Contacting the TU/e Intelligent Lighting Institute
An email has been sent to Antal Haans of the Intelligent Lighting Institute (ILI). Mr Haans is an expert on lighting and social safety and one of the co-authors of the article Light distribution in dynamic street lighting: Two experimental studies on its effects on perceived safety, prospect, concealment, and escape, which is mentioned above. Additionally, he has worked on experiments with smart lighting systems at Stratumseind and in the Markthal at the TU/e. We aim to interview mr Haans on his work on the subject and his findings, so that we can get a better understanding of the needs of the users for a smart streetlight system.
Interview with Antal Haans
Haans worked on a smart street lighting project in a street in the Achtse Barrier in Eindhoven with the goal of saving energy without reducing the sense of safety.
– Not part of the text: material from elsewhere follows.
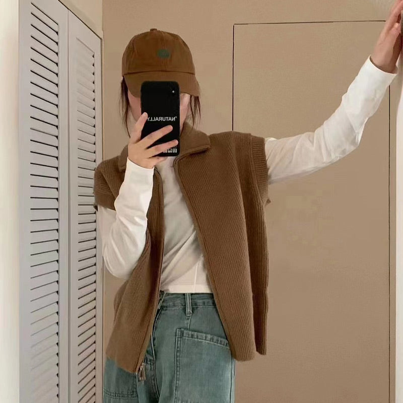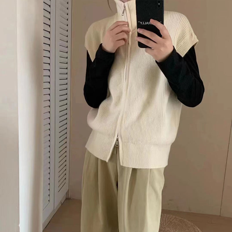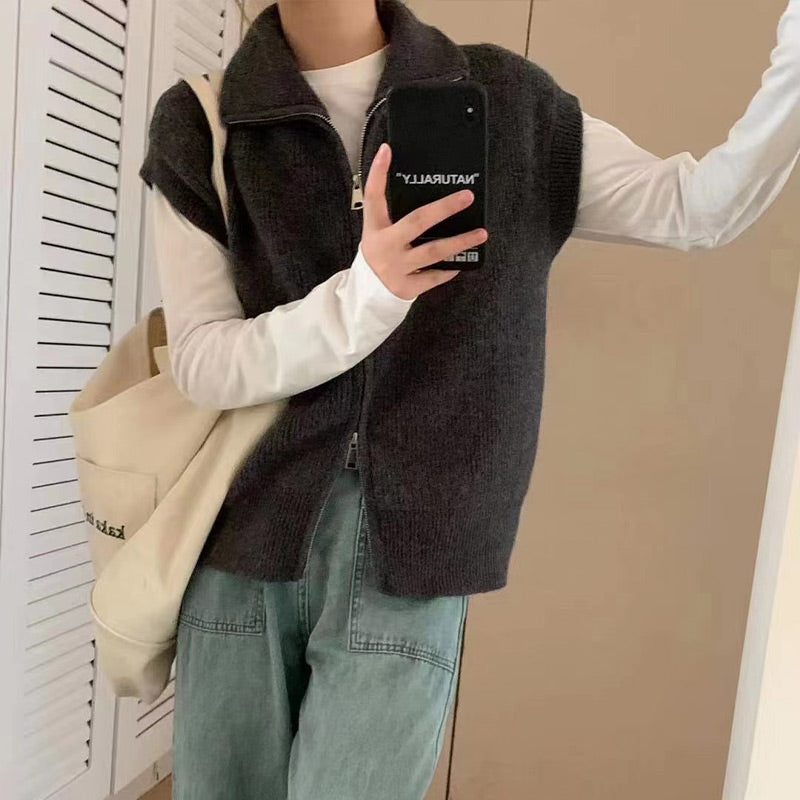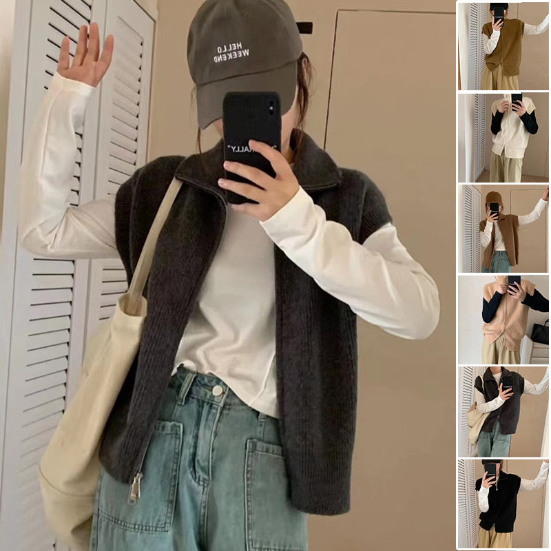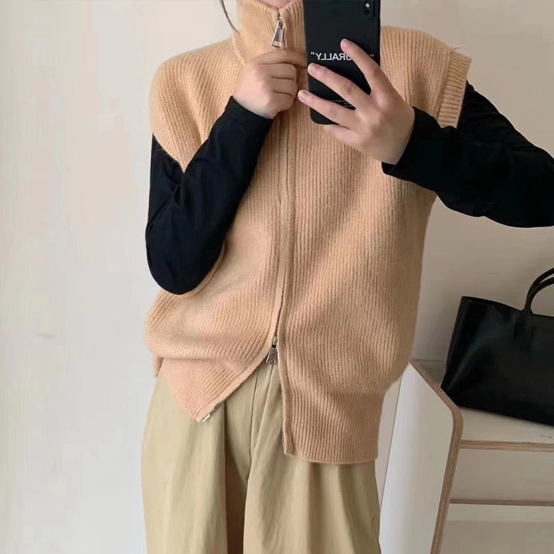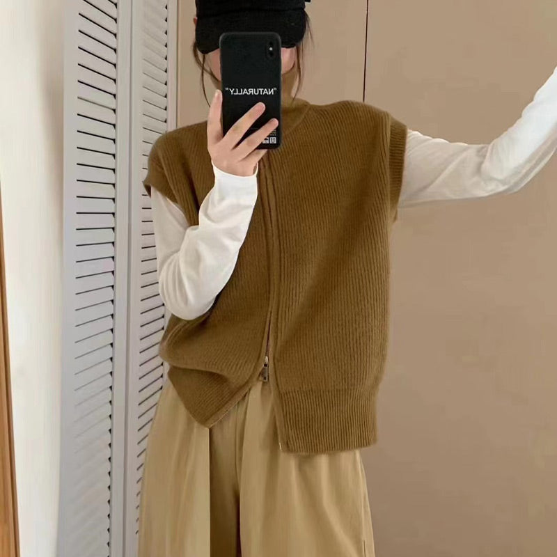 SLEEVELESS VEST DESIGN: This fashionable sleeveless vest features a classic solid color and a soft, textured fabric for timeless appeal. The zipper at the hem can be adjusted to create a trendy slit, enhancing its stylish look, perfect for early autumn.
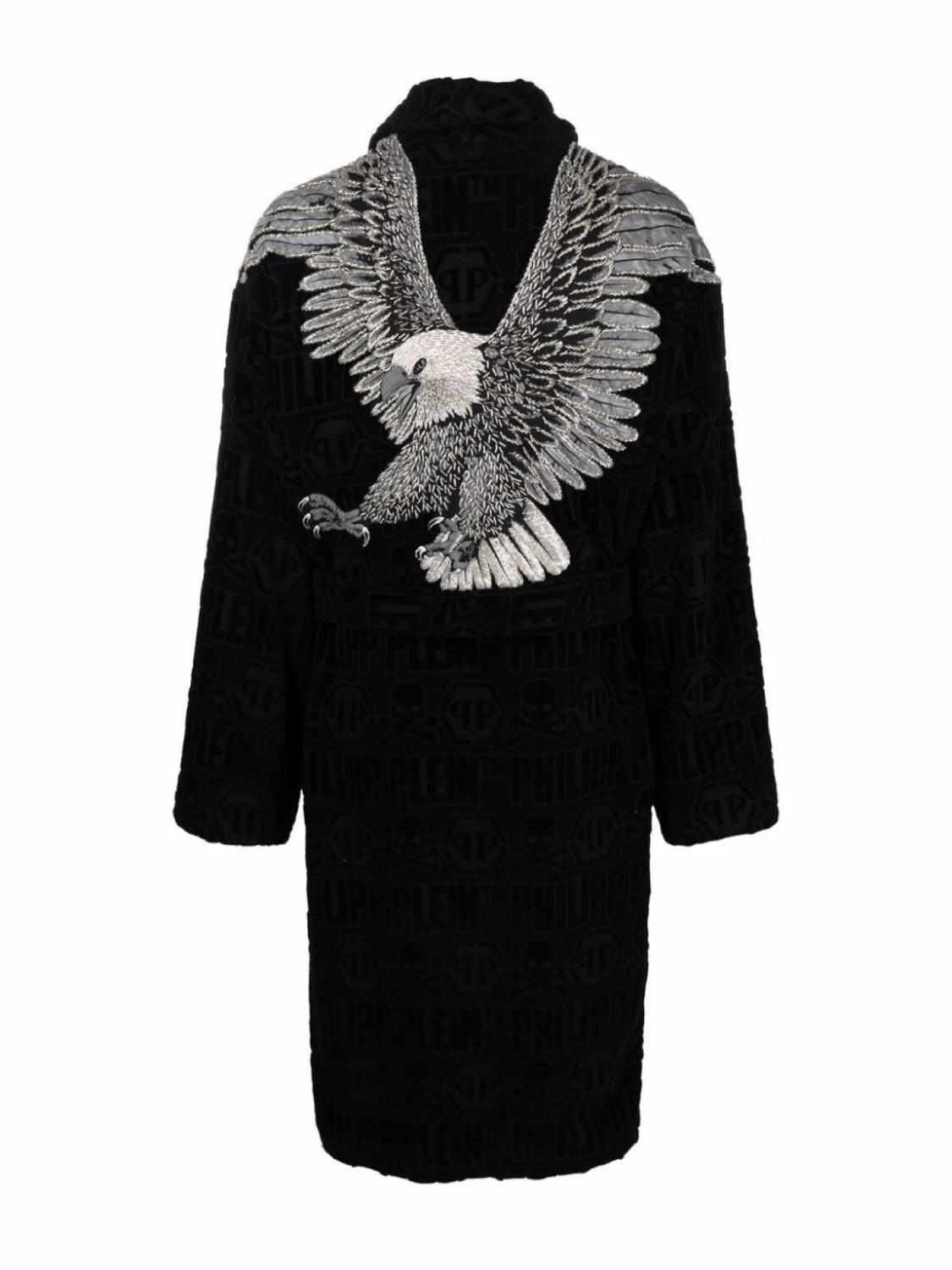 Детали из бисера, лацканы-шалька, ремень на талии, длинные рукава и длина миди. Цвет: черный.

As a psychologist he and his team had to think of how such a street lighting system should work. 50 year old lights were replaced by LEDs and infrared sensors were installed. In order to come up with a lighting procedure, he did a research on the TU/e which showed that people prefer having their immediate surroundings illuminated as opposed to places further ahead in the street. Lithuanian professor Zukauskas did similar research and even suggests light in the distance is not needed at all. When a sensor detects a person, the light corresponding to that sensor switches on (from 10%, the base level, to 100%), as well as two lights to the left and right to that light. The lights go from 10% to 100% instantaneously.. The lights then remain at 100% for a minute, mostly for practical purposes while conducting the experiment. After that time, the light would go back to 10% very slowly.
Results: users
Most people participating in this trial felt that the dynamic lighting had added value. First of all, they liked the idea of participating in saving energy. Secondly, they thought the lights switching on for them was welcoming.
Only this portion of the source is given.